== Supplied data
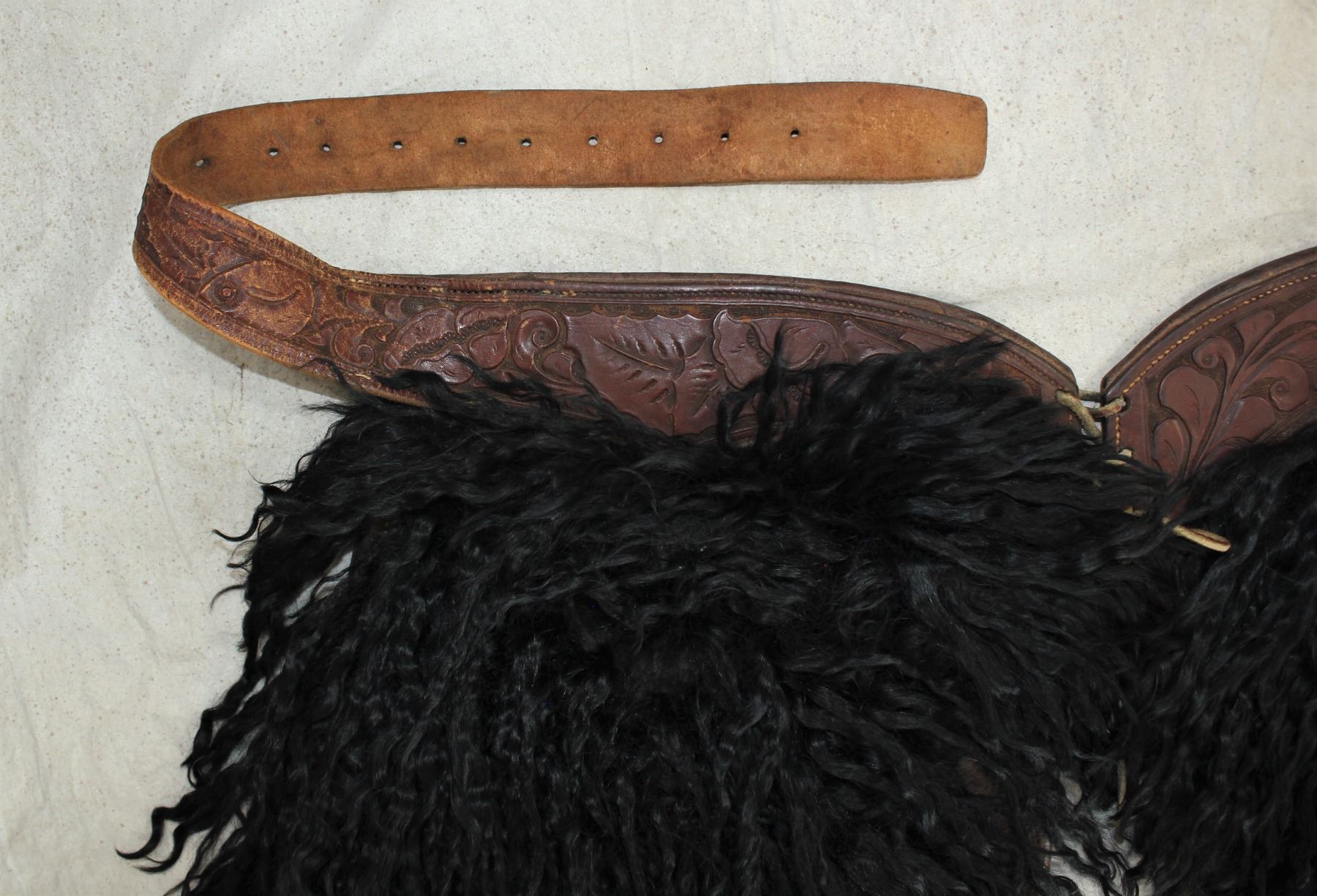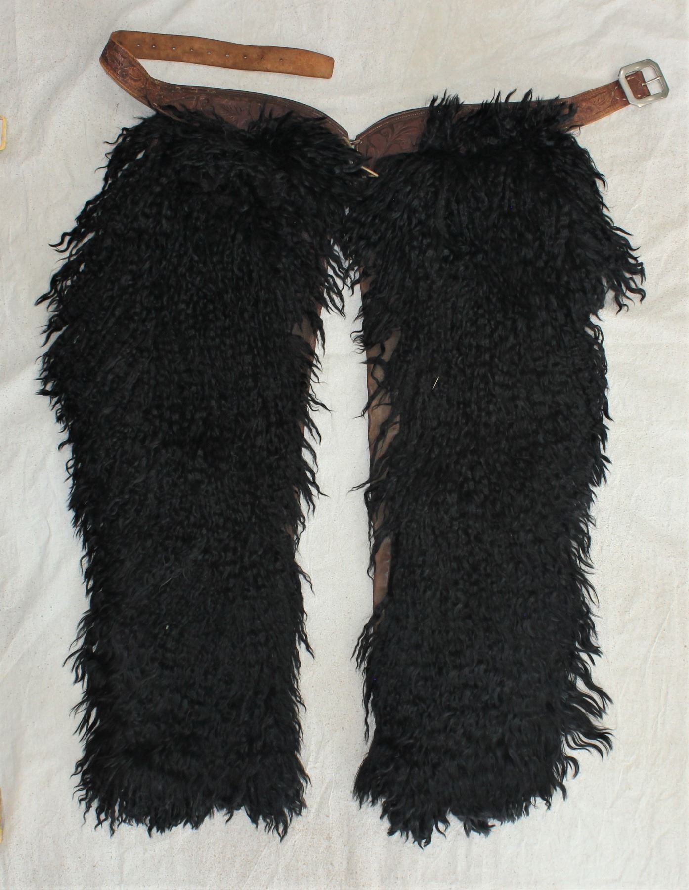 A fabulous large pair of angora step-in style chaps, with lustrous thick black angora hair, and a beautifully flower tooled belt.
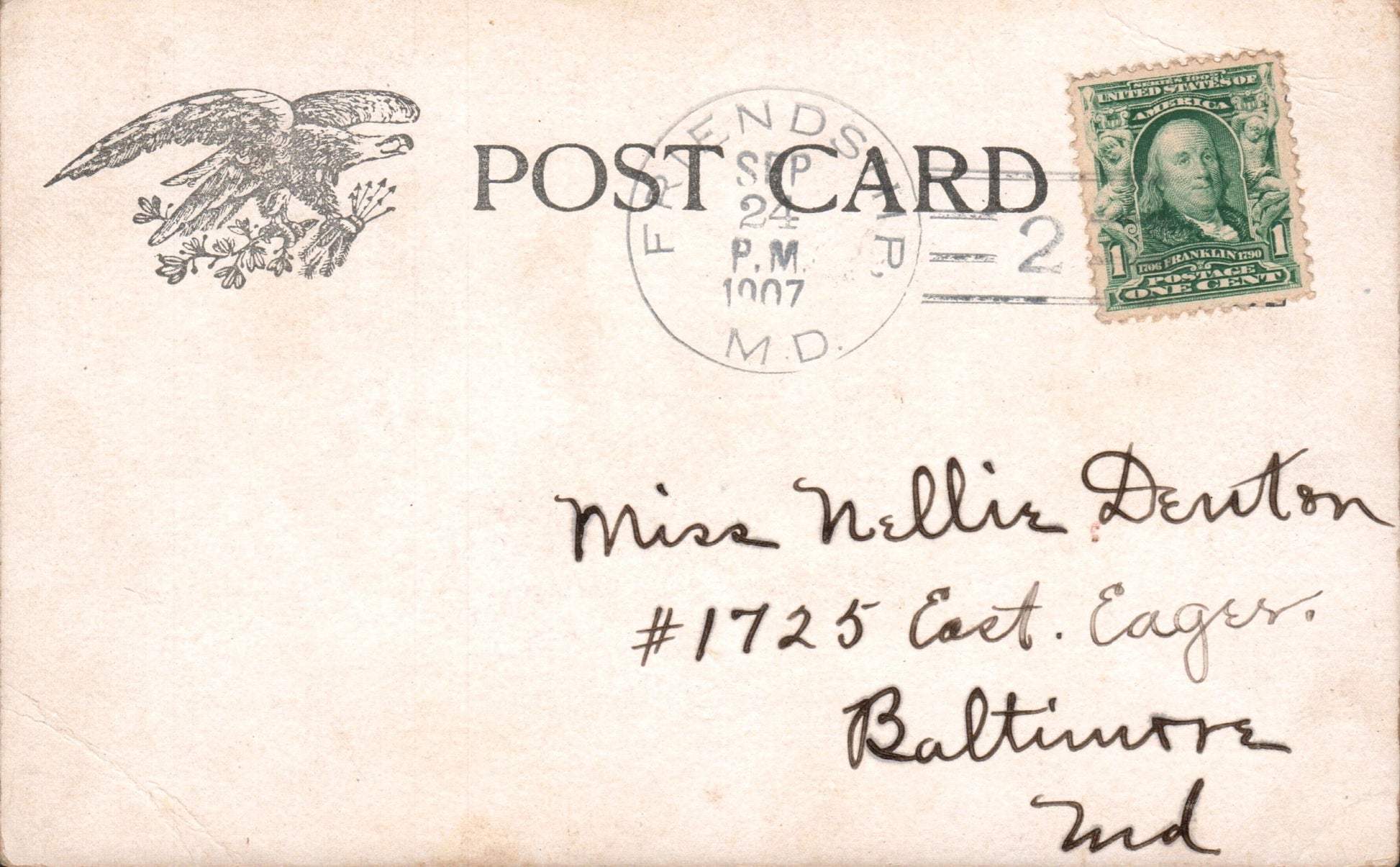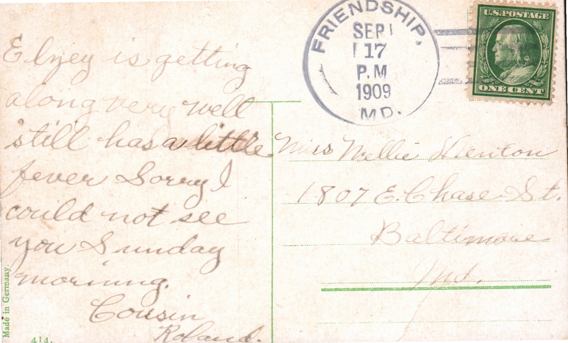 Friendship 1907 Doane (2) on post card; fine 1909 4-bar on post card
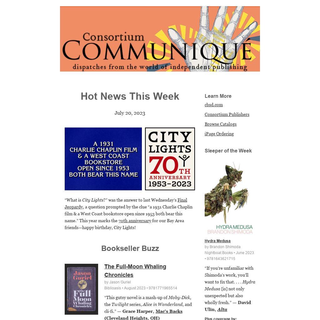 “What is City Lights?” was the answer to last Wednesday’s Final Jeopardy, a question prompted by the clue “a 1931 Charlie Chaplin film & a West Coast bookstore open since 1953 both bear this name.” This year marks the 70th anniversary for our Bay Area friends—happy birthday, City Lights!
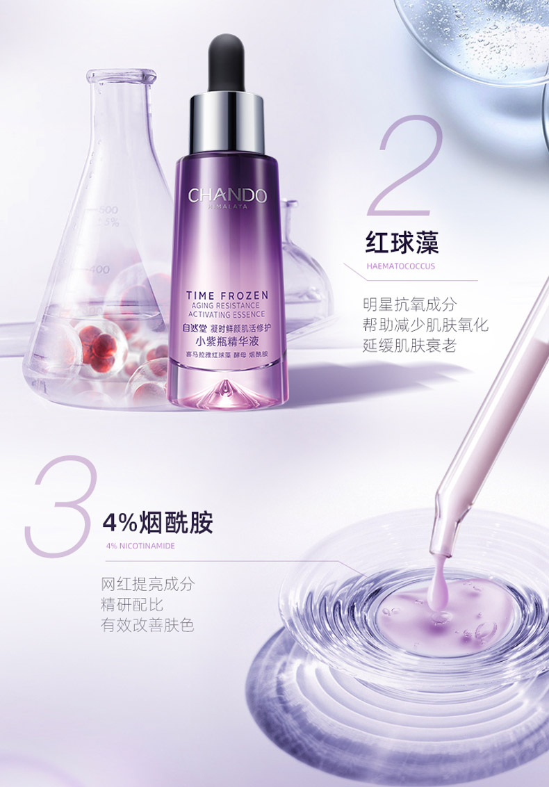 自然堂(CHANDO)凝时鲜颜肌活修护精华液35ml(小紫瓶)
====
| Exercise |
Please transcribe exactly the lines from the one containing "Friendship 1907 Doane" through the final line of the data, including both, and nothing else. Pictures are to be left out.

| Written answer |
 Friendship 1907 Doane (2) on post card; fine 1909 4-bar on post card
 “What is City Lights?” was the answer to last Wednesday’s Final Jeopardy, a question prompted by the clue “a 1931 Charlie Chaplin film & a West Coast bookstore open since 1953 both bear this name.” This year marks the 70th anniversary for our Bay Area friends—happy birthday, City Lights!
 自然堂(CHANDO)凝时鲜颜肌活修护精华液35ml(小紫瓶)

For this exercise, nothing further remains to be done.